*** Records provided Section Begins ***

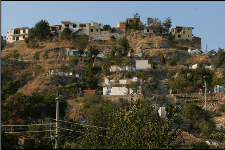
Foto 2. Bağırsak Deresi Civarında Yıkım İçin Boşaltılan Gecekondular.

Denizli'nin kuzeydoğusunda Ankara karayolu üzerinde bulunan Sevindik (Foto 1), Dokuzkavaklar, Karşıyaka mahalleleri ile Fatih, Esentepe, Bakırlı mahalleleri ve Eskihisar çevresinde yapılan konutlar, genellikle tek ya da birkaç katlıdır. Bu kesimlerde konut yapanların çoğunluğu alt gelir gruplarına mensup insanlardan oluştuğundan konutların bir kısmı kaçak ve plansız yapılmıştır. Görüntü kirliliğine yol açan ve modern şehirlere hiç yakışmayan bu gecekondular (Foto 2 ve 3) Denizli şehrinin en önemli sorunlarının başında gelmektedir.
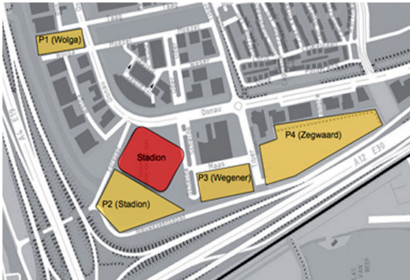
Figuur 3: parkeerlocaties 1
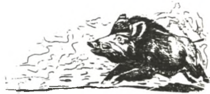
Рисунок Б. Игнатьева

Наступила весна, и табун ушел на солонепёную сторону сопки. Заворотень не последовал за выводком. Он остался на хвощах, пока совсем не растаял снег, а затем направился к полюбившемуся ему мухенскому ключу. Как-то в конце весны, совершая длительную прогулку, Заворотень встретил знакомую свинью. Около нее снова шли шустрейшие полосатые, словно бундуки, поросята. При виде беззаботного отца своего семейства недовольная мать ошетилилась и с ревом набросилась на него. Пришлось Заворотню убираться восвояси. Вернувшись на мухенский ключ, он обосновался там на все лето. Осенью пришли охотники. Они выстроили в устье ключа зимовье и, конечно, обнаружили следы секача. Все попытки взять осторожного и хитрого кабана оказались безуспешными. Вскоре охотники смирились с мыслью, что старый Заворотень неуловим. Им даже было приятно, что рядом живет столь солидный зверь, встретиться с которым каждый из них не терял надежды.
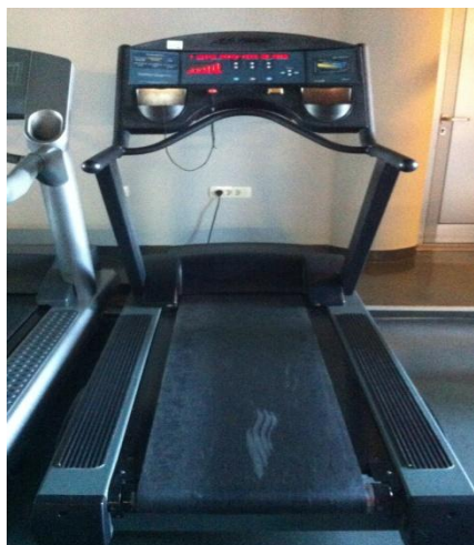
Slika 5: Traka za trčanje
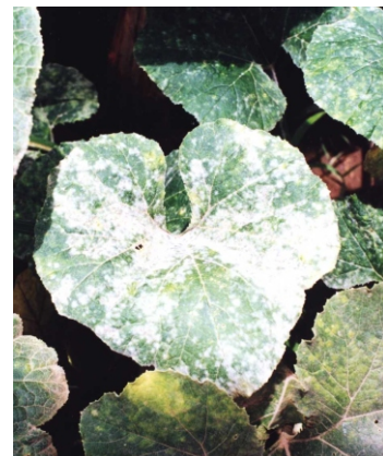
Fig. 12. Manchas típicas de oídio ( Erysiphe cichoracearum ) em abóbora.
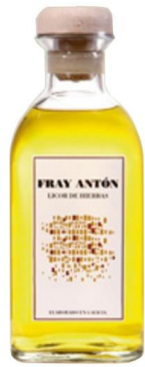
Orujo de hierbas
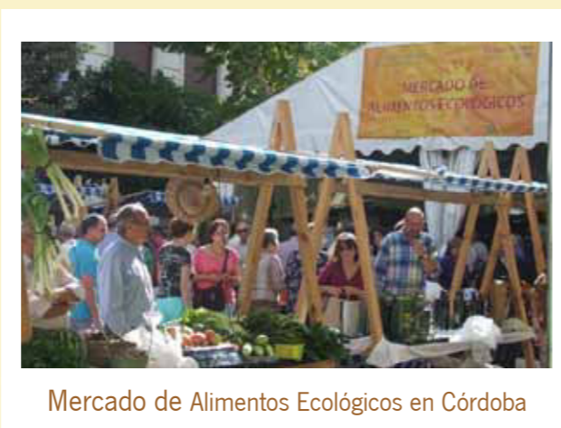
Mercado de Alimentos Ecológicos en Córdoba

El Consejo de Gobierno ha aprobado el decreto que regula la venta directa al consumidor de 22 tipos de productos primarios agrarios y forestales. La norma contribuirá a mejorar la viabilidad económica de unas 183.000 explotaciones profesionales andaluzas (más del 75% del total y en su mayor parte de pequeños agricultores y recolectores), al permitir una comercialización sin costes de intermediarios y con un mayor valor añadido. Asimismo, facilitará a los consumidores el acceso a alimentos autóctonos de calidad, obtenidos a partir de sistemas tradicionales que no suelen llegar a la gran distribución.
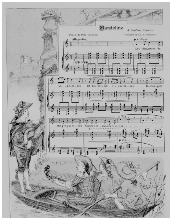
Figure 9 : Claude Debussy, Mandoline, illustré par Willette dans La Revue Illustrée 109.
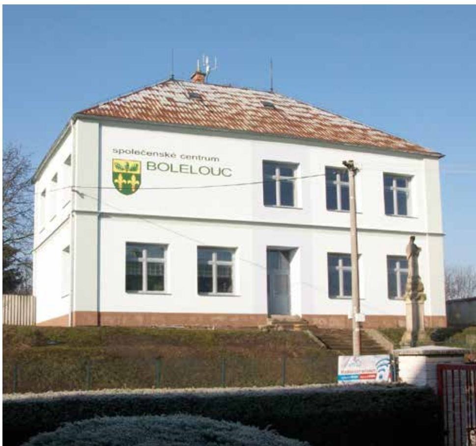
Budova bývalé ZŠ v Bolelouci v současnosti
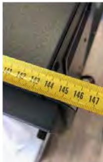
Ширина – 146 см (включая крепежные выступы).
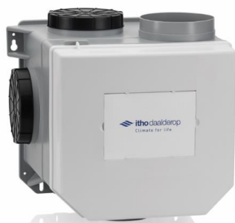
Afbeelding ventilatie box

Omdat wij uw woning beter isoleren, wordt het belangrijker dat u goed ventileert. Hierdoor blijft de lucht in uw woning fris en gezond. Om die reden plaatsen we een mechanische ventilatie box in uw woning. De volgende ruimtes krijgen mechanische afzuiging: de keuken, de badkamer en het toilet.
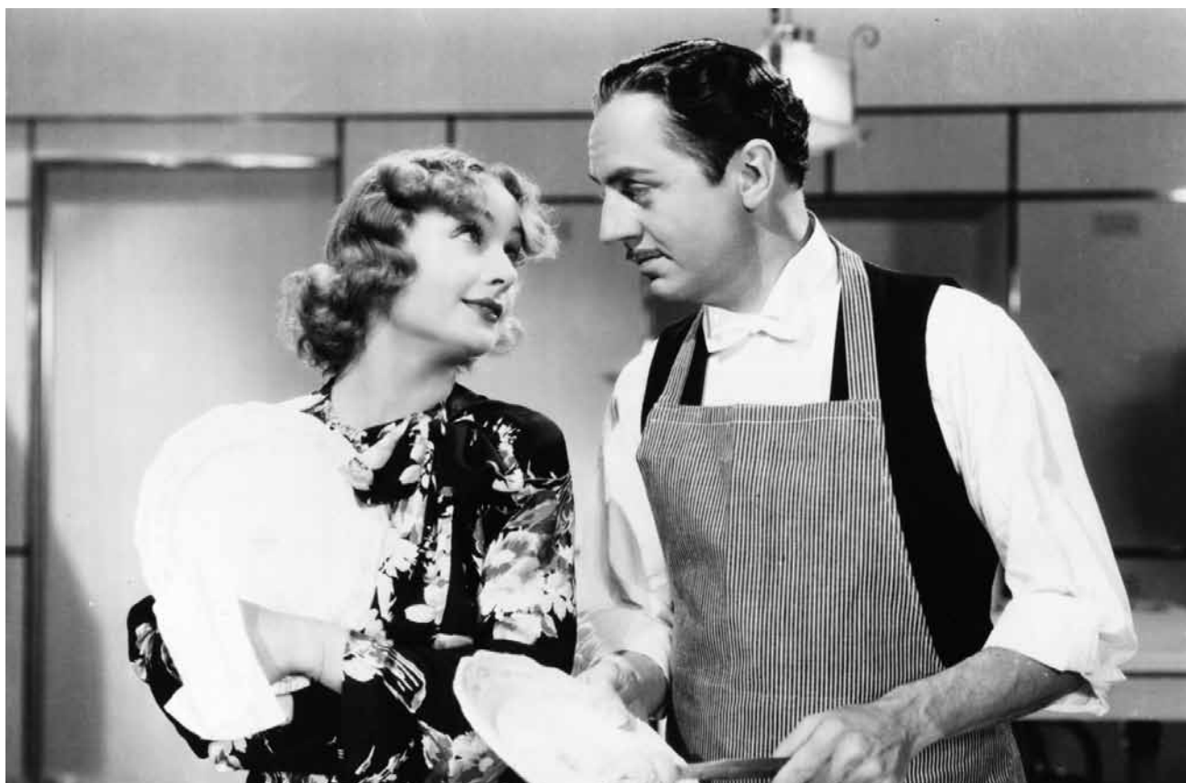
Ein allzu netter Obdachloser nach der großen Depression, das gab es 1936 nur in Hollywood: „My Man Godfrey“ – am 3. Mai in der Cinémathèque.
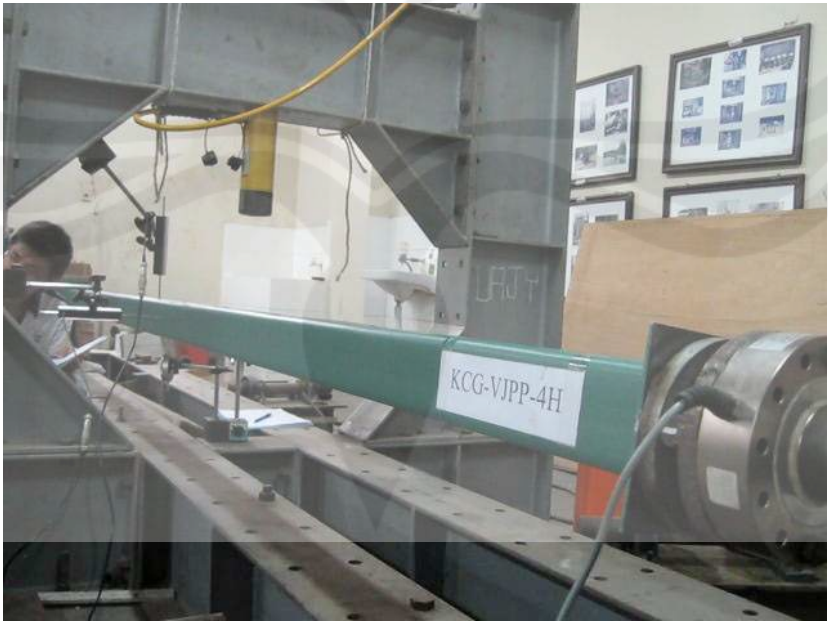
Pengujian Kolom Baja Profil C Gabungan dengan Jarak Pelat pengaku 4H (KCG-VJPP-4H)
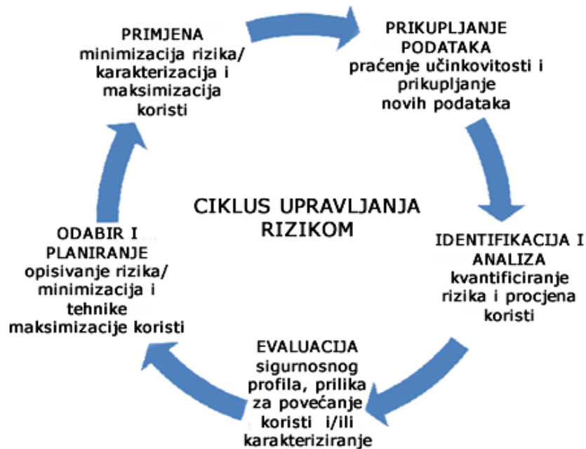
Slika 2. Ciklus upravljanja rizikom

Mjere minimizacije rizika predstavljaju javnozdravstvenu intervenciju koja ima namjeru prevenirati ili smanjiti vjerojatnost pojavljivanja nuspojave povezane s izloženošću lijeku ili smanjiti njenu ozbiljnost ukoliko se pojavi.
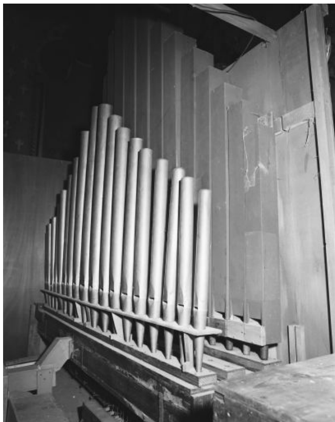
Tuyauterie de pédale, vue de trois quarts droit.
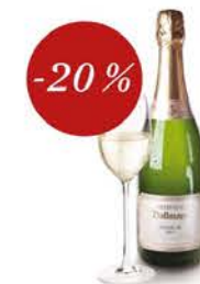
Champagne Dallmayr Premier Cru Brut

*** Records provided Section Ends ***

__About this task__
Give back the listing unchanged. Strip out the pictures.

__Answer area__
Foto 2. Bağırsak Deresi Civarında Yıkım İçin Boşaltılan Gecekondular.

Denizli'nin kuzeydoğusunda Ankara karayolu üzerinde bulunan Sevindik (Foto 1), Dokuzkavaklar, Karşıyaka mahalleleri ile Fatih, Esentepe, Bakırlı mahalleleri ve Eskihisar çevresinde yapılan konutlar, genellikle tek ya da birkaç katlıdır. Bu kesimlerde konut yapanların çoğunluğu alt gelir gruplarına mensup insanlardan oluştuğundan konutların bir kısmı kaçak ve plansız yapılmıştır. Görüntü kirliliğine yol açan ve modern şehirlere hiç yakışmayan bu gecekondular (Foto 2 ve 3) Denizli şehrinin en önemli sorunlarının başında gelmektedir.
Figuur 3: parkeerlocaties 1
Рисунок Б. Игнатьева

Наступила весна, и табун ушел на солонепёную сторону сопки. Заворотень не последовал за выводком. Он остался на хвощах, пока совсем не растаял снег, а затем направился к полюбившемуся ему мухенскому ключу. Как-то в конце весны, совершая длительную прогулку, Заворотень встретил знакомую свинью. Около нее снова шли шустрейшие полосатые, словно бундуки, поросята. При виде беззаботного отца своего семейства недовольная мать ошетилилась и с ревом набросилась на него. Пришлось Заворотню убираться восвояси. Вернувшись на мухенский ключ, он обосновался там на все лето. Осенью пришли охотники. Они выстроили в устье ключа зимовье и, конечно, обнаружили следы секача. Все попытки взять осторожного и хитрого кабана оказались безуспешными. Вскоре охотники смирились с мыслью, что старый Заворотень неуловим. Им даже было приятно, что рядом живет столь солидный зверь, встретиться с которым каждый из них не терял надежды.
Slika 5: Traka za trčanje
Fig. 12. Manchas típicas de oídio ( Erysiphe cichoracearum ) em abóbora.
Orujo de hierbas
Mercado de Alimentos Ecológicos en Córdoba

El Consejo de Gobierno ha aprobado el decreto que regula la venta directa al consumidor de 22 tipos de productos primarios agrarios y forestales. La norma contribuirá a mejorar la viabilidad económica de unas 183.000 explotaciones profesionales andaluzas (más del 75% del total y en su mayor parte de pequeños agricultores y recolectores), al permitir una comercialización sin costes de intermediarios y con un mayor valor añadido. Asimismo, facilitará a los consumidores el acceso a alimentos autóctonos de calidad, obtenidos a partir de sistemas tradicionales que no suelen llegar a la gran distribución.
Figure 9 : Claude Debussy, Mandoline, illustré par Willette dans La Revue Illustrée 109.
Budova bývalé ZŠ v Bolelouci v současnosti
Ширина – 146 см (включая крепежные выступы).
Afbeelding ventilatie box

Omdat wij uw woning beter isoleren, wordt het belangrijker dat u goed ventileert. Hierdoor blijft de lucht in uw woning fris en gezond. Om die reden plaatsen we een mechanische ventilatie box in uw woning. De volgende ruimtes krijgen mechanische afzuiging: de keuken, de badkamer en het toilet.
Ein allzu netter Obdachloser nach der großen Depression, das gab es 1936 nur in Hollywood: „My Man Godfrey“ – am 3. Mai in der Cinémathèque.
Pengujian Kolom Baja Profil C Gabungan dengan Jarak Pelat pengaku 4H (KCG-VJPP-4H)
Slika 2. Ciklus upravljanja rizikom

Mjere minimizacije rizika predstavljaju javnozdravstvenu intervenciju koja ima namjeru prevenirati ili smanjiti vjerojatnost pojavljivanja nuspojave povezane s izloženošću lijeku ili smanjiti njenu ozbiljnost ukoliko se pojavi.
Tuyauterie de pédale, vue de trois quarts droit.
Champagne Dallmayr Premier Cru Brut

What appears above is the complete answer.